On Lucifer, beauty looked deadly. On Japh it was purely functional. On Eve, it was… magick. And under it, I saw the shadow of the child I had rescued from Santino's lair, the child Lucifer had taken as I watched helplessly under the bright hammerblow of Nuevo Rio sunlight.

The only child I might ever have.

Behind her, resolving around a pair of bright blue gasflame eyes, was Velokel the Hunter, broad and powerful as a bull, his large square teeth closed away behind lips that thinned as they took me in.

I twitched. But Eve's eyes met mine, and she smiled. It was a genuine smile, not the little half-grimace we shared; the armored expression I faced the world with. "You've come so very far." Her voice was soft and restful; and the smell of her — bread baking and demon musk, a powerfully comforting scent — boiled out from behind a screen of dust and age.

"How…" I had to clear my throat. "How did you get here?"

"Kel has tracked more tricksome beasts than the Anhelikos, Dante. It was not quite child's play to follow the Knife, but it was close — and still, so much depends on you." Her smile widened. "Now here we are, and we have little time. Stay where you are, Kinslayer."

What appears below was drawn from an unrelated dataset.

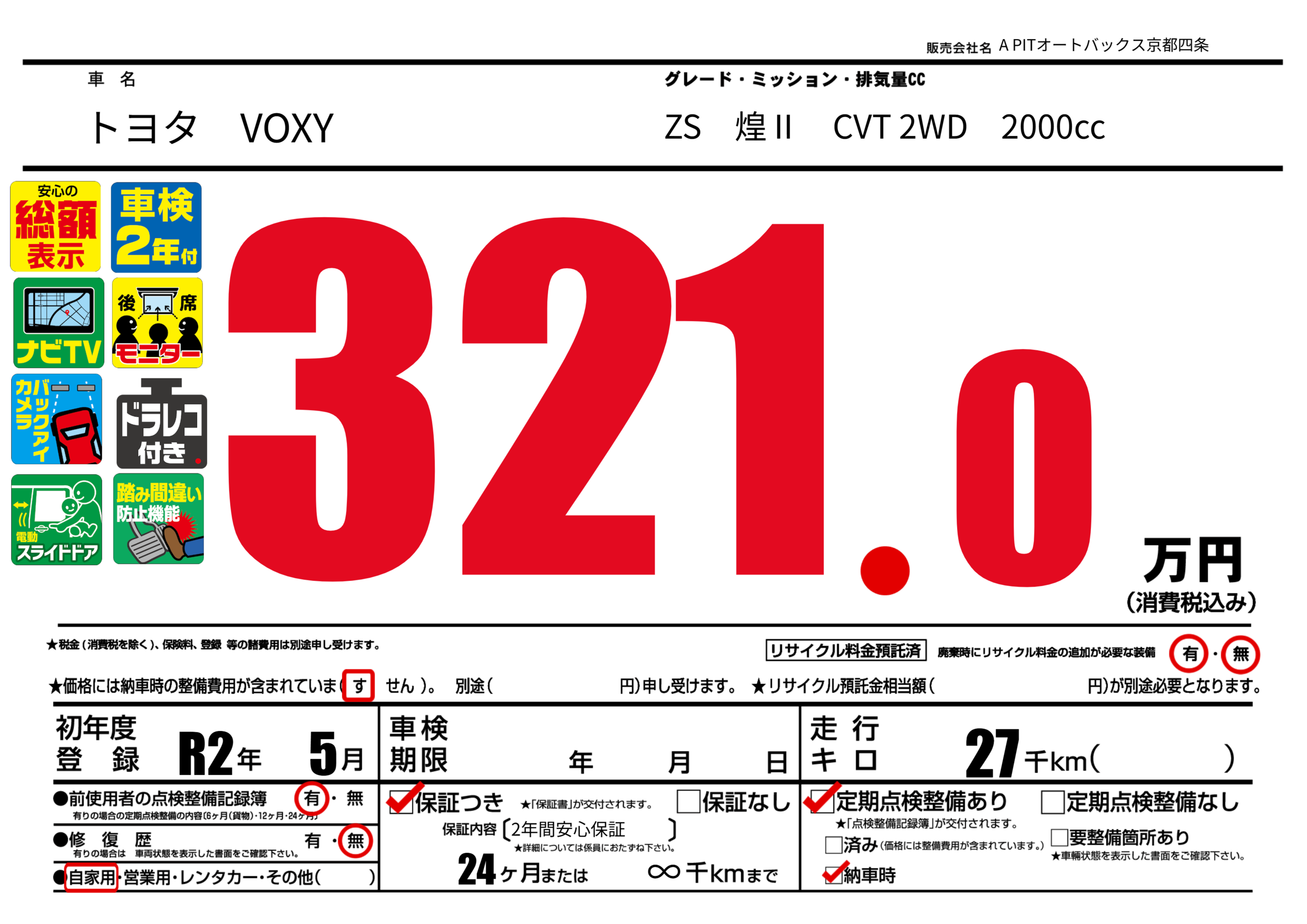 | 車名 | トヨタ VOXY | グレード ミッション 排気量 |

Japhrimel halted midway across the sea of dust. Both his guns were trained on Eve. "If you touch her —"

Eve shrugged. She wore black, a merino sweater and loose elegant slacks, a pair of what looked like handmade Taliano boots. Kel made do with buff-colored canvas slacks and a blouse under a leather doublet, something like a Renascence illustration of a woodsman, complete with a pouch and a curved horn hanging from his broad leather belt.

They called Velokel the Hunter, and I wondered if he'd seen this city before. When he was hunting hedaira. That's exactly the least comforting thought in the world.

"There is no need for threats, Eldest." Eve took a step toward me, measured Japhrimel with a single glance, and took another. "We are not at cross-purposes here."

There were two slight clicks — Japh, pulling the hammers back on both silver guns. It was an absurd bit of theater, since I wasn't sure what they fired, but it was at least effective. The city screeched again as it wobbled in its setting, but his voice sliced through the low basso grumbling. "I will not serve you."

"I have not asked for your service." Eve's voice, soft and restful, stroked the air. I stared at her face, transfixed. She looked so much like Doreen. "I have offered myself to my mother." Her smile was wide, white, and so forgiving I could have bathed in it.

My mother. She said it like it meant nothing, like she was talking about the weather. My heart leapt inside its cage of ribs, pounding high and hard until it settled in my throat. A worm of unease turned inside my battered brain.